The initial “iDon’t” teaser, full of what Apple’s iPhone can’t do, was intriguing. But the “Stealth” pre-launch spot was just a little freaky. Sure, the cinematography is stellar, and I guess they sort of have a point with the “drop date 11/6” tag at the end. But alien objects (“pods,” perhaps, in another anti-Apple reference?) falling from from the sky, destroying property, and prompting one weather-worn rancher to utter one slightly horrified “what in the world was that” as it opens, strikes me as an overly menacing approach. The Motley Fool has a great analysis of this ad titled “Droid’s Ad Bombs, Literally.”
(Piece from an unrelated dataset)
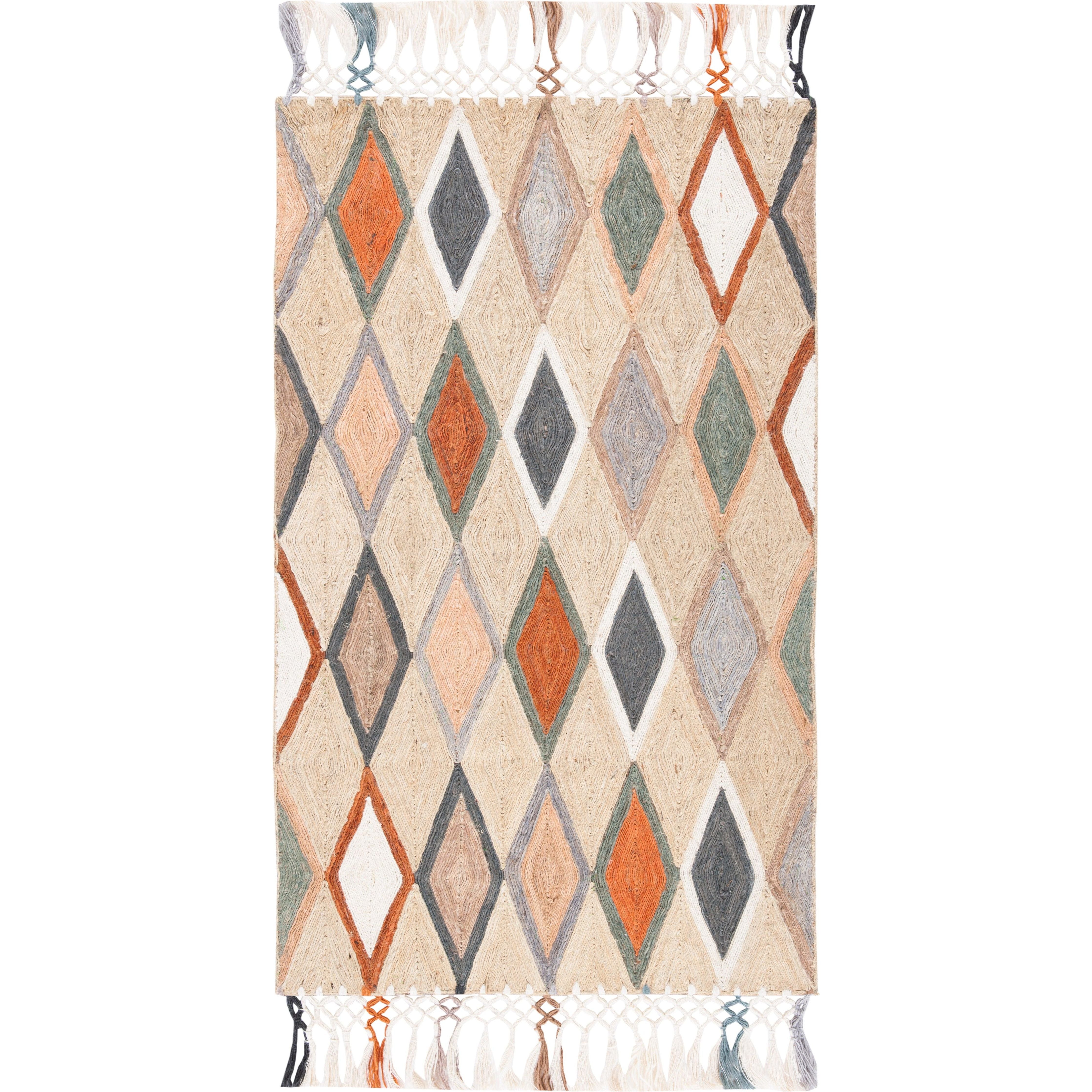 Elevate your home decor with the Sahara SAH457B rug from SAFAVIEH's Sahara Collection. Hand-tufted by skilled artisans, this rug features vibrant geometric Moroccan-inspired patterns that bring a touch of contemporary boho style to any room. Whether placed in a dining area, kitchen nook, or living room, this rug creates a relaxed and chic ambiance with its approximate thickness of 0.5 inches.

Do you really want the savior of your brand (Motorola), your AT&T smartphone-beater (Verizon) and your Apple trump card (Google) to be evil? An approach like that could work for a niche product sold to a fringe group or Gen Y, perhaps. But for a product that these mainstream brands hope will sell millions to a wide range of audiences, including traditionally conservative businesspeople? It seems a highly dangerous approach. Verizon’s “There’s a Map for That” is a much more clever and brand-upholding set of advertisements.
Product launches are a great time to capture attention and break out of the box with your marketing message. But be cautious that your marketing is consistent with your brand — or you could end up destroying it in the process.